= Records supplied =
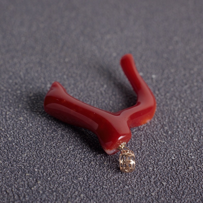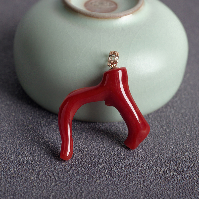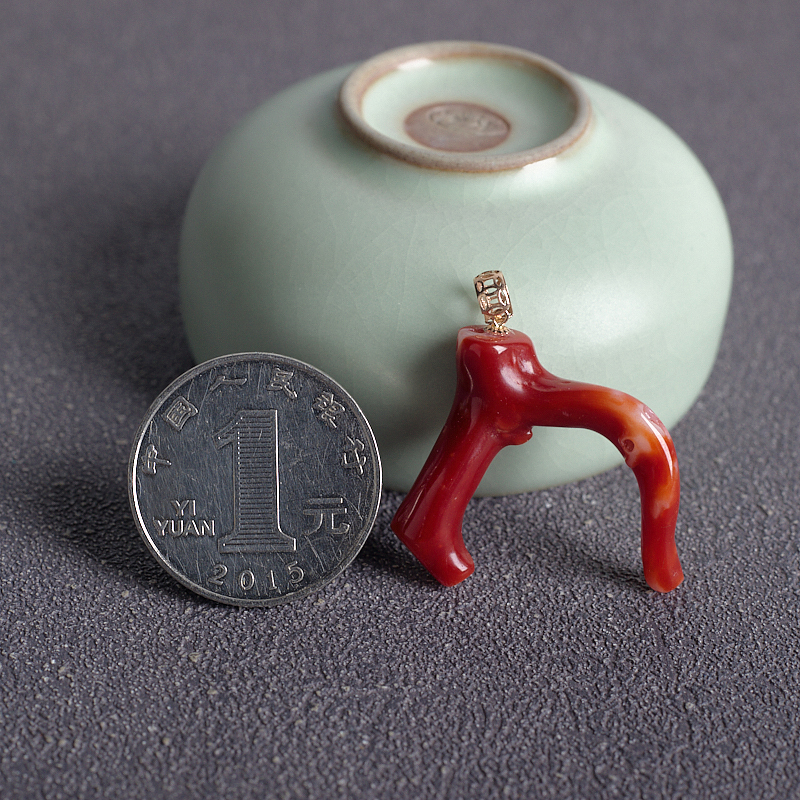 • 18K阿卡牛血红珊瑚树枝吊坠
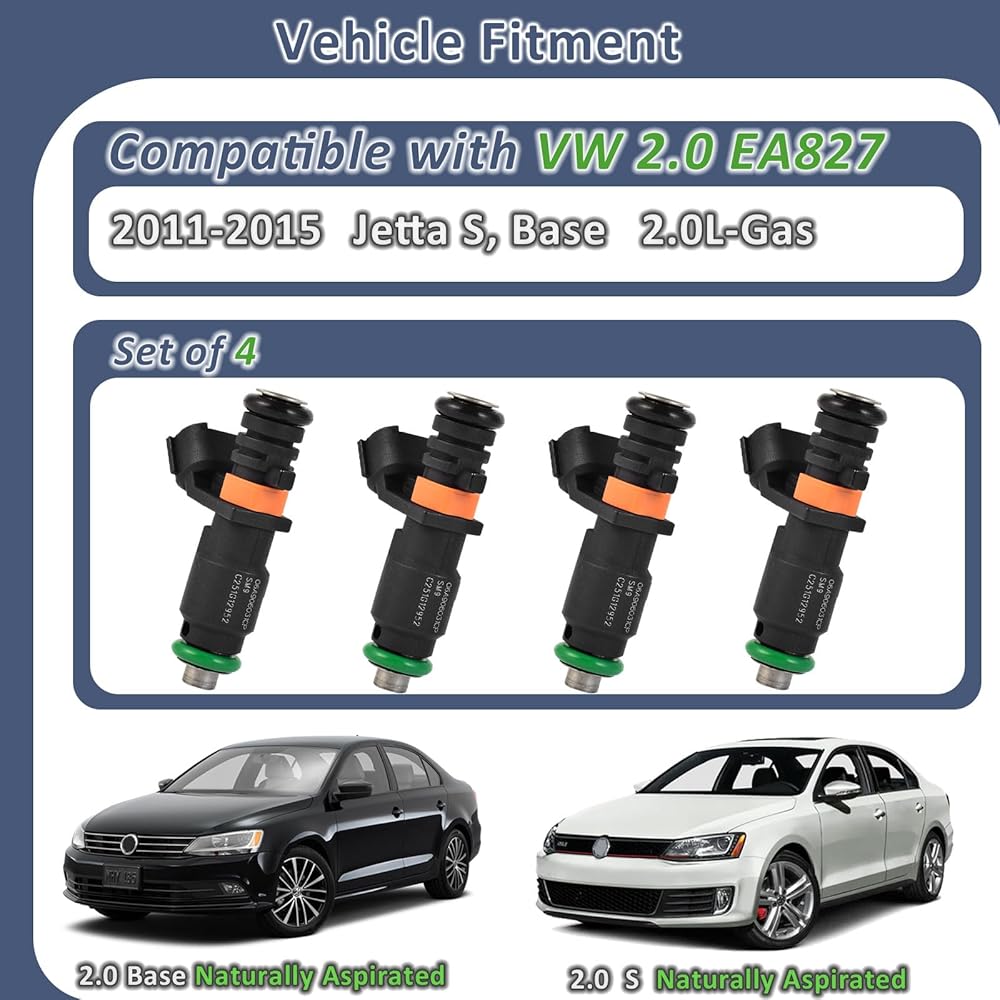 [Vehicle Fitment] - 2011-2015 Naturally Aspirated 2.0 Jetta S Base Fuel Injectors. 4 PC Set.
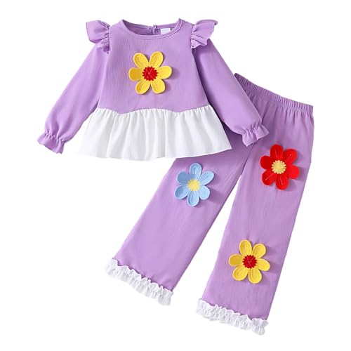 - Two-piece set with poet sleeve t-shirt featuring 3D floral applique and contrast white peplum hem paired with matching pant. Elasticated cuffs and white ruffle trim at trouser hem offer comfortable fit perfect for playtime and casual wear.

* * *

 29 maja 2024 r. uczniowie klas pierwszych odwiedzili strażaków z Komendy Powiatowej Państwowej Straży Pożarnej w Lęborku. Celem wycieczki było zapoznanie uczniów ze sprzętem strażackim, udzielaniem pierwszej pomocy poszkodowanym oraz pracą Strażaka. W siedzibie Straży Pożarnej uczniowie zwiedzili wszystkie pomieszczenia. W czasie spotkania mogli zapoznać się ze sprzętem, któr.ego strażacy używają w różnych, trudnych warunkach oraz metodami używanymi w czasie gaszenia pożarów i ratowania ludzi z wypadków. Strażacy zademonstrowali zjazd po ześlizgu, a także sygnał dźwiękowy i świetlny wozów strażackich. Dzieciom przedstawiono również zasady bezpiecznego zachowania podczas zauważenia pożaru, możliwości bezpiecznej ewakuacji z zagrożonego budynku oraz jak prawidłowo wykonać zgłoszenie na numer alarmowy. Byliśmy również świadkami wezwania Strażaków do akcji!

= Prompt =
In the records above, find the line with "[Vehicle Fitment] - 2011-2015" and the line with "- Two-piece set". Write out exactly those lines and every one between, with no pictures and no other lines.

= Task response =
 [Vehicle Fitment] - 2011-2015 Naturally Aspirated 2.0 Jetta S Base Fuel Injectors. 4 PC Set.
 - Two-piece set with poet sleeve t-shirt featuring 3D floral applique and contrast white peplum hem paired with matching pant. Elasticated cuffs and white ruffle trim at trouser hem offer comfortable fit perfect for playtime and casual wear.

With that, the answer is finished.